The absorption of waves in a circular wave basin using segment-type wave makers is challenging due to the curvature, which may generate undesirable imperfections in long-crested regular wave fields close to the absorbing side of the FloWave circular wave tank with a diameter of 25 m and a water depth of 2 m. A velocity component perpendicular to the wave direction could be found numerically and experimentally, which is a key tool to understand and optimise the active wave absorption in a circular wave basin.

Conducting long-crested regular wave simulation using the SPH model based on Kanehira et al. (2019), the location of the hot-spots (constructive and destructive interference locations of waves) could be identified in the vicinity of absorption paddles as well as velocity components perpendicular to wave propagation direction, which are the potential cause of or caused by the hot-spots. Specific experimental investigations were conducted based on numerical results to validate the numerical model based on free surface elevation and local velocities. It could be shown that the location and strength of the hot-spots vary with wave frequencies and steepnesses as well as the connection between hot-spots and the velocity components perpendicular to wave direction. This combined approach has a high potential to provide insight into the absorption mechanism in a circular basin and helps to further improve the wave conditions in future.

INTRODUCTION

In the context of the development of o shore structures such as vessels and ocean energy devices (OEDs), laboratory experiments can provide insight into how sea states affect the dynamics and the durability of structures developed as well as providing critical validation data for the numerical simulations. Therefore, a variety of wave tanks have been developed and utilised in ocean and coastal engineering.

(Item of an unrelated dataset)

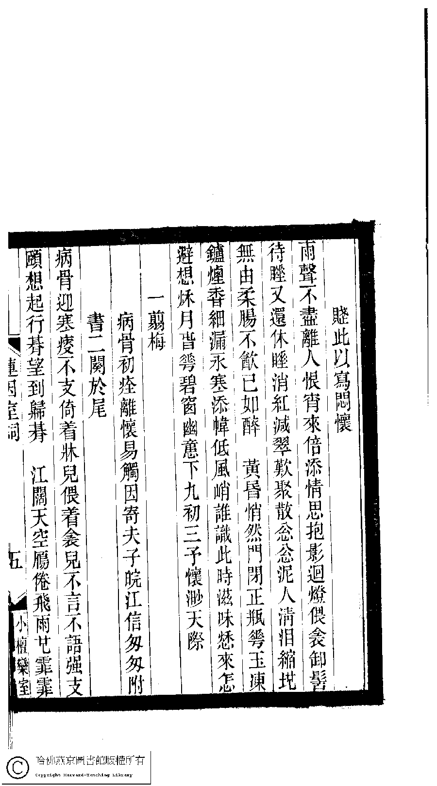 | (PRINT FRIENDLY VERSION) 小檀欒室彙刻閨秀詞﹕十集一百種一百卷(清徐乃昌輯) : 蓮因室詞﹕一卷。清光緒二十二年(1896)南陵徐氏刻本。 ![]() Page : 蓮因室詞.5a | click for larger image | 小檀欒室彙刻閨秀詞﹕十集一百種一百卷(清徐乃昌輯) : 蓮因室詞﹕一卷。清光緒二十二年(1896)南陵徐氏刻本。![]() Page : 蓮因室詞.4b | click for larger image | Back |

In particular, multi-directional wave basins, incorporating multiple segment-type wave makers, are commonly used for OED model testing due to the demand to exploit renewable energy in the open-ocean (Caglayan et al., 2019, Draycott et al., 2019). A number of multidirectional wave basins have been developed such as the circular AMOEBA basin at Osaka University (Minoura et al., 2009), deep-sea basin at the National Maritime Research Institute, Japan (Maeda et al., 2004), and the FloWave Ocean Energy Research Facility circular wave and current basin at the University of Edinburgh (Ingram et al., 2014). These circular wave basins can generate realistic short-crested sea states as well as long-crested regular/irregular waves coming from any direction including combination to achieve realistic complex sea states. In particular, the correct generation and absorption system in a long-crested regular wave condition are important, as realistic waves are generated by the summation of regular wave components with different wave frequencies and directions (e.g. single/double-summation methods).